President-General Gargan occupied the chair. A communication was read from the Society of American Authors, suggesting that the organization place itself on record in favor of recognizing December 14, next, as a “Washington Memorial Day” throughout the country.

The date mentioned is the centennial anniversary of the death of the Pater Patriæ. The suggestion was adopted, and the secretary was directed to communicate this action to similar organizations interested in the anniversary.

Communications were read from the Maine Genealogical Society, of Portland; the Minnesota Historical Society, of St. Paul; the Pennsylvania Historical Society, of Philadelphia; the Presbyterian Historical Society, of Pennsylvania, and the Pejepscot Historical Society, of Brunswick, Me.

A letter was read from the Navy Department, stating that the torpedo boat O’Brien would be launched at Elizabethport, N. J., on or about July 1, this year. It was voted to hold the annual field day of the Society at that time and place, and the secretary was empowered to make all necessary arrangements for the event.

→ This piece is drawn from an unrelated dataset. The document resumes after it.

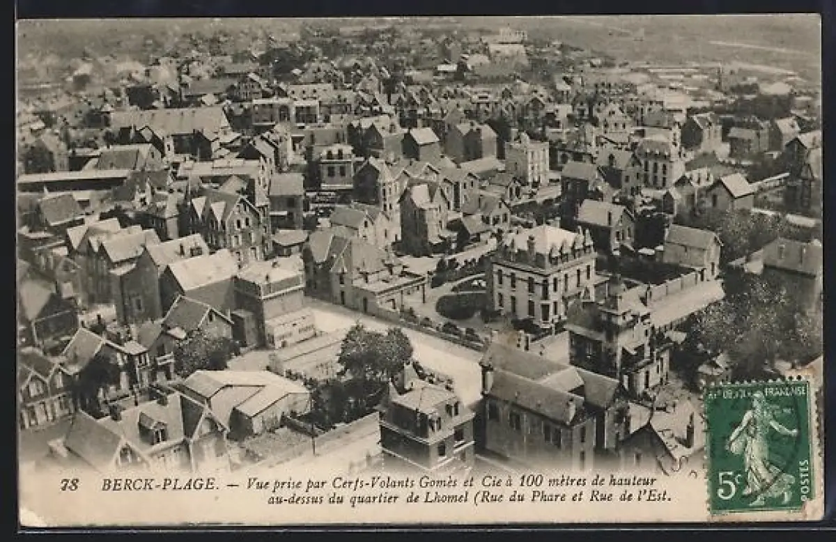 AK Berck-Plage, Vue aérienne du quartier de Lhomel, Rue du Phare et Rue de l`Est, à 100 mètres de hauteur

Secretary-General Murray announced that since the last meeting four members of the Society have died, viz.: Hon. Patrick Walsh, Augusta, Ga.; Hon. John H. Sullivan and Col. Patrick T. Hanley, Boston, Mass., and Hon. Eli Thayer, Worcester, Mass.

Resolutions were adopted expressive of the great loss sustained by the Society in the death of those four gentlemen, and of condolence with their respective families.

Hon. John D. Crimmins, of New York, personally subscribed five hundred dollars for the general purposes of the Society.

Stephen J. Richardson, of New York, was introduced by Hon. John D. Crimmins, and explained the plan and scope of a projected “Encyclopædia Hibernica.” He asked the Council’s endorsement of the enterprise, and the same was gladly accorded, after certain suggestions had been made regarding the work.

The draft was read of a proposed circular to be sent to each member of the Society, inviting financial contributions to assist the organization in its publication work. The Secretary-General was instructed to have copies of the draft made and one submitted to each member of the Council for approval or emendation before the circular is finally issued. After the admission of about forty new members the Council adjourned.